**Task statement**
Starting with the line containing "Chief Minister Chandrababu" and going on through the line containing "Figure 5 shows", return the lines of the data below exactly, and only those.

**Dataset excerpts**

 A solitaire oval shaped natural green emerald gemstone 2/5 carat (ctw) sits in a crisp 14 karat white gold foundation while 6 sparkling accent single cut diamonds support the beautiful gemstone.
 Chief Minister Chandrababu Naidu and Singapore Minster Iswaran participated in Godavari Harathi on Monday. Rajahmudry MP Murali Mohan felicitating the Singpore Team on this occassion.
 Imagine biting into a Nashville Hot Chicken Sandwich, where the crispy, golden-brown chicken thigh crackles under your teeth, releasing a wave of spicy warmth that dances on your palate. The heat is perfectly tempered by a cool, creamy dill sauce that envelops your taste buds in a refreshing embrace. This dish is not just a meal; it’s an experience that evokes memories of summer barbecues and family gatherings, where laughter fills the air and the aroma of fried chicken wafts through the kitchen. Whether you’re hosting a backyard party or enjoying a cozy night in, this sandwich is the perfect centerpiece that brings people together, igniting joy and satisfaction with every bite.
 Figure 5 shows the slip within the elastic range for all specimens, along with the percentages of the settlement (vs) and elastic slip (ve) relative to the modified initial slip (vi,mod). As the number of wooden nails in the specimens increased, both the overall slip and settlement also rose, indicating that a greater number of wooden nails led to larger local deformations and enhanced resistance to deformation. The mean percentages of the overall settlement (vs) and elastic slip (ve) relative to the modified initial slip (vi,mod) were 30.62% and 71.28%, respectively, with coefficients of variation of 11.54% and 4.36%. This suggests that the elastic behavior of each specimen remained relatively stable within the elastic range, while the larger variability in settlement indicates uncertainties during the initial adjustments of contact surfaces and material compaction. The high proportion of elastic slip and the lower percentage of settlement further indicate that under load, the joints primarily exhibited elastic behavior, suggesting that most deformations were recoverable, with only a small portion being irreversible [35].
--
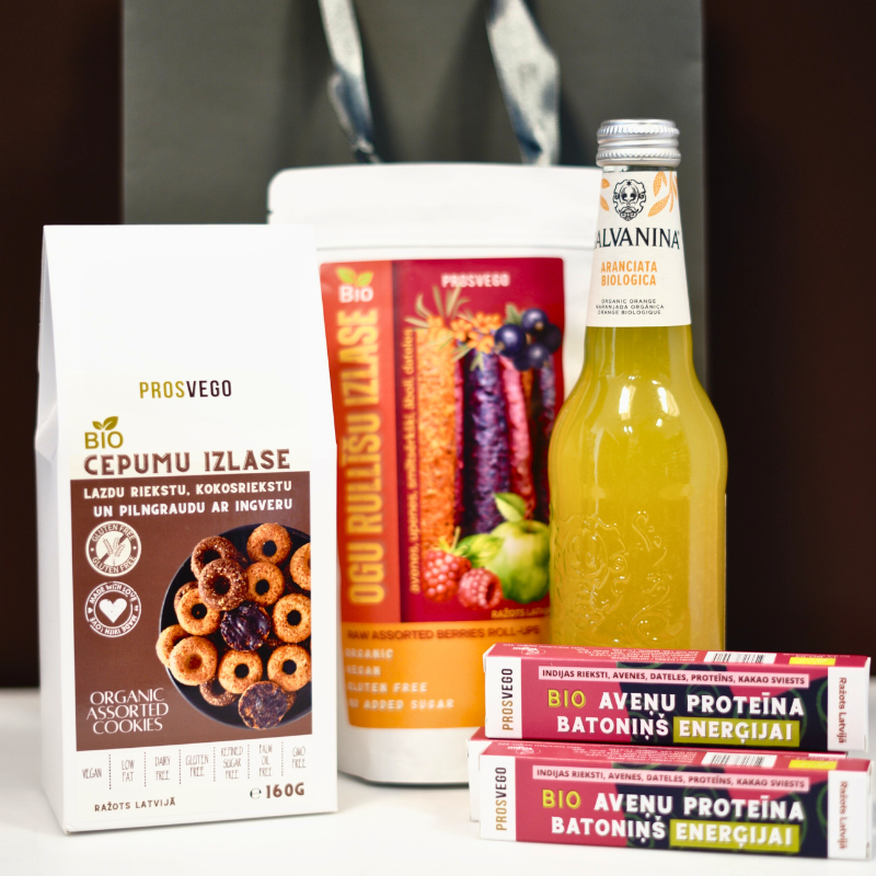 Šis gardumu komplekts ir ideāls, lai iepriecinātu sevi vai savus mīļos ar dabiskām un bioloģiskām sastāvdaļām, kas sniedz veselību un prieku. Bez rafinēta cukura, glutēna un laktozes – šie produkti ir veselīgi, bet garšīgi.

**Solution**
 Chief Minister Chandrababu Naidu and Singapore Minster Iswaran participated in Godavari Harathi on Monday. Rajahmudry MP Murali Mohan felicitating the Singpore Team on this occassion.
 Imagine biting into a Nashville Hot Chicken Sandwich, where the crispy, golden-brown chicken thigh crackles under your teeth, releasing a wave of spicy warmth that dances on your palate. The heat is perfectly tempered by a cool, creamy dill sauce that envelops your taste buds in a refreshing embrace. This dish is not just a meal; it’s an experience that evokes memories of summer barbecues and family gatherings, where laughter fills the air and the aroma of fried chicken wafts through the kitchen. Whether you’re hosting a backyard party or enjoying a cozy night in, this sandwich is the perfect centerpiece that brings people together, igniting joy and satisfaction with every bite.
 Figure 5 shows the slip within the elastic range for all specimens, along with the percentages of the settlement (vs) and elastic slip (ve) relative to the modified initial slip (vi,mod). As the number of wooden nails in the specimens increased, both the overall slip and settlement also rose, indicating that a greater number of wooden nails led to larger local deformations and enhanced resistance to deformation. The mean percentages of the overall settlement (vs) and elastic slip (ve) relative to the modified initial slip (vi,mod) were 30.62% and 71.28%, respectively, with coefficients of variation of 11.54% and 4.36%. This suggests that the elastic behavior of each specimen remained relatively stable within the elastic range, while the larger variability in settlement indicates uncertainties during the initial adjustments of contact surfaces and material compaction. The high proportion of elastic slip and the lower percentage of settlement further indicate that under load, the joints primarily exhibited elastic behavior, suggesting that most deformations were recoverable, with only a small portion being irreversible [35].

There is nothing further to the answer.